GitHub - philschmid/clipper.js: HTML to Markdown converter and crawler.
Key Points
- 1Clipper.js is a Node.js command-line tool designed to extract and convert web page content into Markdown, serving as a terminal-based alternative to browser clipping extensions.
- 2Leveraging Mozilla Readability and Turndown, it supports clipping from URLs, HTML files, or directories, and also includes a crawling feature powered by Playwright and Crawlee for comprehensive site content capture.
- 3Beyond direct web clipping, Clipper.js can facilitate PDF to Markdown conversion by first converting PDFs to HTML, making it a versatile tool for digital content archival and note-taking.
Clipper is a Node.js command-line interface (CLI) tool designed for extracting and converting web page content into Markdown. It offers functionalities analogous to browser extensions like Evernote Web Clipper or Notion Web Clipper, but operates entirely within the terminal environment, eliminating the need for browser extensions or external account registrations.
The core methodology of Clipper is bifurcated into two primary operations: clip and crawl.
Clipping Methodology
The clip command focuses on content extraction and conversion from individual or multiple HTML sources:
- Input Acquisition: The tool accepts content from three distinct sources:
- A Uniform Resource Locator (URL) specified via the
-uflag, enabling direct processing of live web pages. - A local HTML file, identified by the
-i <file>flag. - A directory containing multiple HTML files, specified by
-i <directory>, which prompts the tool to process all HTML files within that directory.
- A Uniform Resource Locator (URL) specified via the
- Content Extraction (Readability): For web pages or HTML files, Clipper first employs Mozilla's Readability library. Readability is a JavaScript implementation of a content extraction algorithm designed to identify and parse the main article-like content from an HTML document. It heuristically analyzes the Document Object Model (DOM) to remove boilerplate elements such as navigation, advertisements, and footers, isolating the primary textual and media content (e.g., headings, paragraphs, images, lists) relevant to an article. This process aims to provide a clean, focused HTML fragment.

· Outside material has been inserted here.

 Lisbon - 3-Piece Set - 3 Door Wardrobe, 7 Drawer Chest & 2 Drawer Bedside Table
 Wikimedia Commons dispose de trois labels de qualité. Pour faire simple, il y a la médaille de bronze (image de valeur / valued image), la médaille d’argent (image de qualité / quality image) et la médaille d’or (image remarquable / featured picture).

- Markdown Conversion (Turndown): The cleaned HTML output from Readability is then piped to Turndown. Turndown is a JavaScript library specifically engineered to convert HTML into Markdown syntax. It meticulously maps HTML tags and structures (e.g., to
#, to newline-separated text, to[text](url)) to their corresponding Markdown equivalents, ensuring proper formatting and readability in the Markdown output.
- Output Generation: The converted content can be generated in two formats:
- Markdown (default): Output as a
.mdfile, suitable for archival or note-taking. - JSON: Output as a
.jsonfile, or for directory inputs, ajsonl(JSON Lines) file, where each line represents a JSON object corresponding to a clipped document. This is particularly useful for building datasets.

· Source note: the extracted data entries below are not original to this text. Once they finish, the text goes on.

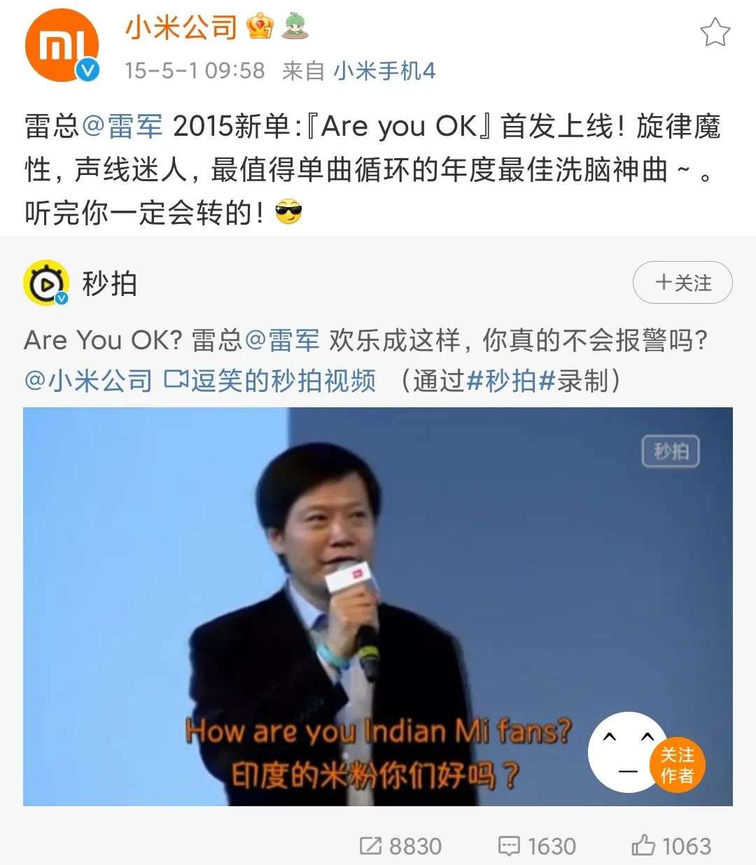 雷军与它的“Are You OK?”,图源小米公司官微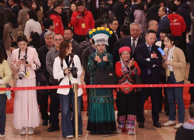 3月7日,中国职工之家, 一名人大代表盛装参加云南代表团团组会议。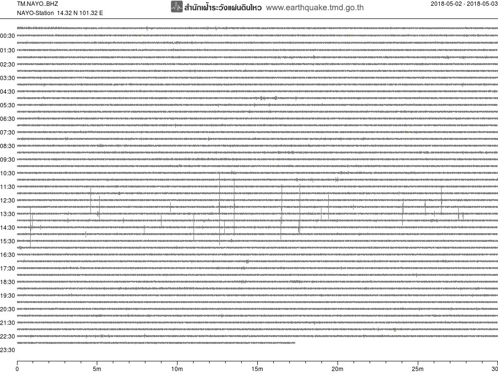 - กราฟแผ่นดินไหวจากสถานี นครนายก ของสำนักเฝ้าระวังฯ กรมอุตุฯ จากเวลา 07:00 เมื่อวานนี้ถึง 07:00 เช้านี้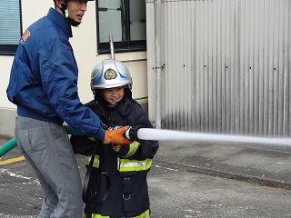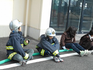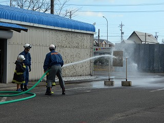 そして、放水。くるくる回る的をねらいます。小さな消防士の気分はどうかな?

- Markdown (default): Output as a
Crawling Methodology
The crawl command extends the clipping functionality to systematically process multiple pages from a given website:
- Web Crawling (Crawlee): This functionality leverages Crawlee, a robust web scraping and crawling library. Crawlee handles the intricacies of navigating websites, managing HTTP requests, respecting rate limits, and handling potential errors. It is responsible for identifying and fetching web pages based on specified criteria.
- URL and Pattern Matching: The crawling process is initiated with a base URL (
-u) and can be refined with a glob pattern (-g). The glob pattern allows users to define specific URL structures that should be included in the crawl, enabling focused data collection from a large website (e.g.,https://example.com/docs/**to crawl all pages under the/docs/path). Crawlee then traverses the site, identifying links that match the provided pattern.
- Batch Clipping: For each page successfully fetched by Crawlee that matches the glob pattern, Clipper applies the aforementioned clipping methodology (Readability for content extraction, Turndown for Markdown conversion) to its HTML content.
- Output: The results of a crawl are aggregated into a
dataset.jsonlfile by default. Each line in this file is a JSON object containing the clipped content along with potential metadata. The documentation includes a warning regarding the resource-intensive nature and potential impact of crawling on website owners.
Alternative Use Cases
Clipper also integrates into a workflow for converting PDF documents to Markdown. This is achieved by first converting the PDF to HTML using an external tool like poppler's pdftohtml utility, and then using Clipper to convert the resulting HTML to Markdown. For example: pdftohtml -c -s -noframes test.pdf test.html followed by clipper clip -i test.html.
Technical Details and Ecosystem
Clipper is distributed via npm and licensed under Apache-2.0. Its local development workflow involves standard Node.js practices, including npm install, npm run test for command-line validation, npm run build for production builds, and npm install -g . for local symlinking. The tool explicitly credits its foundational open-source libraries: Mozilla Readability, Turndown, and Crawlee, which collectively form its core processing pipeline for efficient and reliable content extraction and conversion.